Comedian Todd Glass has written a brave, amusing book about the hardest challenge of his life: Coming out. The Todd Glass Situation: A Bunch of Lies About My Personal Life And A Bunch of True Stories About My 30-Year Career In Standup Comedy is by turns funny and frank and often both.
While Glass struggled throughout school because of dyslexia and ADD he found success in another arena — comedy. He stated attending and loving shows at a local comedy store and we share his excitement and nervousness when he’s invited to do a show of his own. He does well enough to be invited back and we travel with him as he chronicles his 30 years (so far) in comedy improving his act and meeting comedians — he talks about encountering some of the most popular comedians around- – and his life during this time.
But the book leads up to the point where he decides it’s well past time to come out. How he does this and how it goes are some of the most brave writing I’ve read of late.
The book has great blurbs on the back from other comedians.
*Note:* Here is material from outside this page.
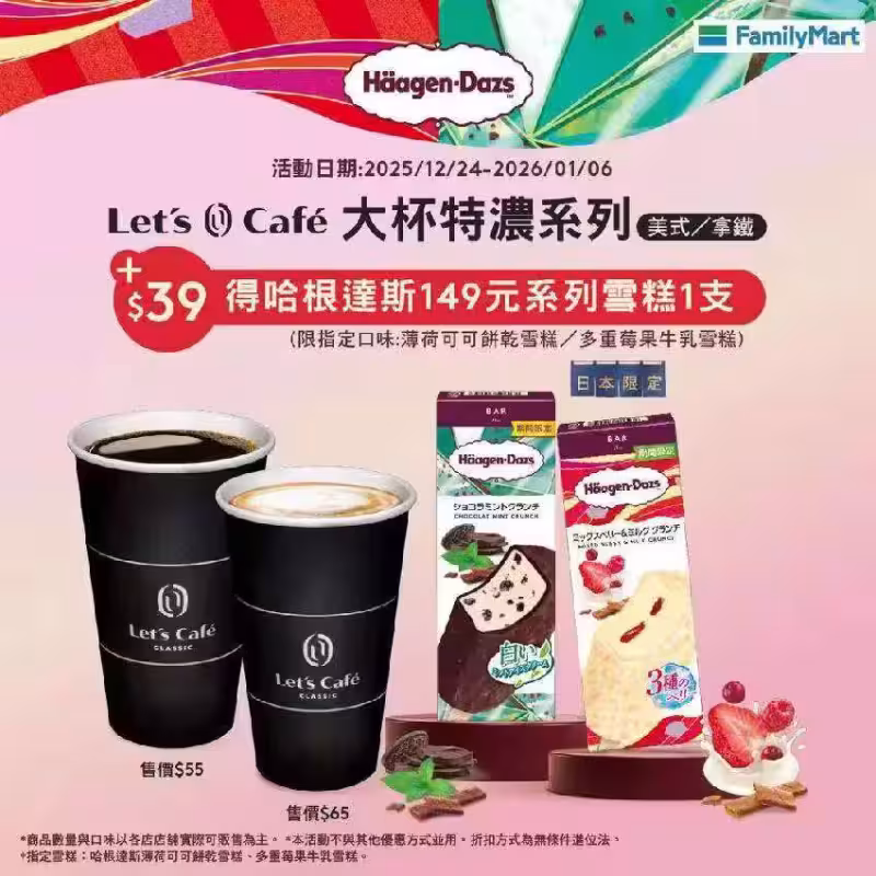 此外,全家今(26)日宣布最新優惠,即日起至2026年1月6日,購買Let’s Café 大杯特濃咖啡(美式/拿鐵),即可以39元加價購149元系列哈根達斯雪糕1支

For example, “Todd Glass is not only the funniest person I know, he may also be the funnest. This book is like Todd: fun, engaging and honest. And having ghost written so many classic books (War & Peace, Elmo Goes Shopping, The Celestine Prophecy, The Notebook) it is is nice to see Todd finally put his name on one. Also, Todd Glass is much funnier than his brother Ira.” – Jim Gaffigan
And with that let’s go to the interview we did by email.
Why did you decide to write a book?
Tons of cash. Seriously, because I was not honest about my sexuality for so many years I had a lot of opinions and thoughts bottled up inside of me, and I thought writing a book would be a good opportunity to get those thoughts out.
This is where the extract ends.